それが意図されたものだったのかは分からないが、あの醜態を見せる必要があったのかどうか疑問だ。
なんか違和感があって、もっと精悍な体つきでも良かったのではないかと思った。

兼見三座エ門がなぜ寛大な処置をされたのかは、物語である以上想像できるし、家老の津田民部が策略を巡らしていることは同様に想像できてしまう。
したがって彼が生かされている理由が明らかになっていくスリリングさはない。
過去の出来事が順次挿入されて、側室の連子の非道ぶりと、藩主右京大夫の無能ぶりが描かれ、三左エ門が連子を殺傷に至った経緯を補足する。
そして亡くなった妻・睦江の闘病生活とそれを支える三左エ門とそれを補佐する里尾の姿も描かれる。
里尾の想いはこの頃から芽生えていたのか?
芽生えていたとしたら、睦江はそのことを感じていたのか?
そのあたりがもう少し描き込めていたら、もっと情緒あふれる作品になっていたのではないかと思う。
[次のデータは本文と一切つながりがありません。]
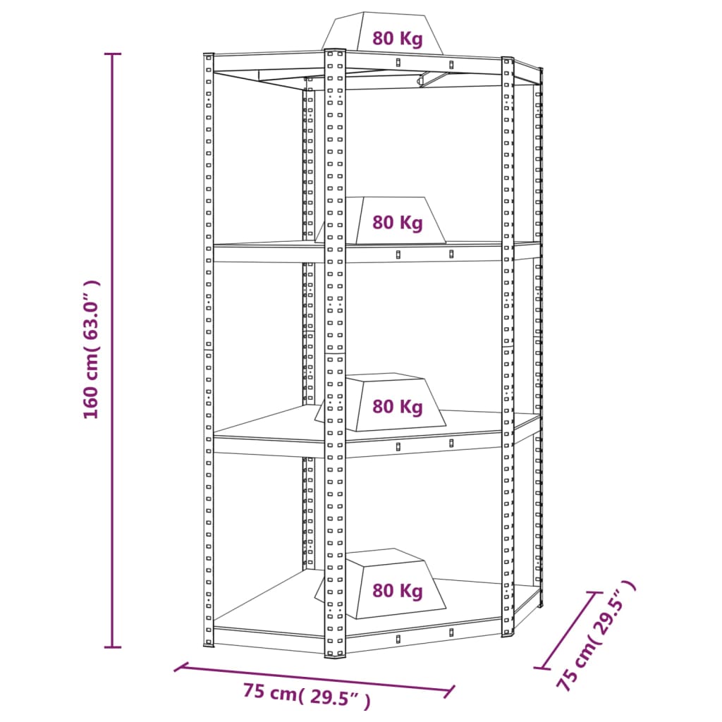 Dieses Eckregal ist sowohl für den privaten als auch für den gewerblichen Bereich hervorragend geeignet und bieten viel Platz, um alle Gegenstände ordentlich aufzubewahren. Robustes Material: Das Lagerregal besteht aus einem Stahlrahmen und Holzwerkstoffplatten. Der Stahlrahmen garantiert Robustheit und Stabilität, während der Holzwerkstoff Stärke, Stabilität und Beständigkeit gegen Feuchtigkeit bietet.Hohe Tragfähigkeit: Dank des starken Materials, der Verstärkungsstangen unter jedem Regalboden und des Regaldesigns ohne Verschraubung hat dieses Regal eine überragende Tragfähigkeit.Flexible Lagerung: Die Einlegeböden sind höhenverstellbar. So bietet das Regal reichlich Stauraum für alle Gegenstände, die du organisiert aufbewahren möchtest, um stets für Ordnung und Übersichtlichkeit zu sorgen. Hinweis:Jedes Produkt wird mit einer Montageanleitung in der Verpackung für eine einfache Montage geliefert. Achtung:Um ein Umkippen zu verhindern, muss dieses Produkt mit einer Wandhalterung gesichert werden (Wandhalterung ist nicht im Lieferumfang enthalten).

それでも一夜の契りで生まれた子供を抱いて、迎えに来ることが出来ない三左エ門を村はずれの道で待ち続ける里尾の姿は涙を誘う。
ラストシーンンをもっと感極まる演出があればと惜しまれる。

バカ殿の右京太夫(村上淳が好演)は、ただバカなだけだから、一番の悪人は津田民部ということになる。
最後に津田民部が正体を現して、バカ殿と一緒に三左エ門が斬し殺される様子を見物している様子の底意地の悪さは秀逸で、いつもながら岸部一徳は上手い。
それだからこそ、騙された三左エ門が武士の意地として、必死剣鳥刺しで津田を死出の道連れにするところがカタルシスを喚起し、「それを使うときは私は死んでいる」と言っていた意味が判明する。
殺陣とドラマがクライマックスで融合する典型的な展開で、殺陣の久世浩の気合の入れようが伝わってくる。
一番カッコ良かったのは御別家と称される帯屋隼人正を演じた吉川晃司だったな(第一、この人は正義だもの)。
最後は女とともにささやかな幸せに旅立つ作品が多い藤沢作品だが、これはちょっと違った結末で、他の作品と比較すると面白い。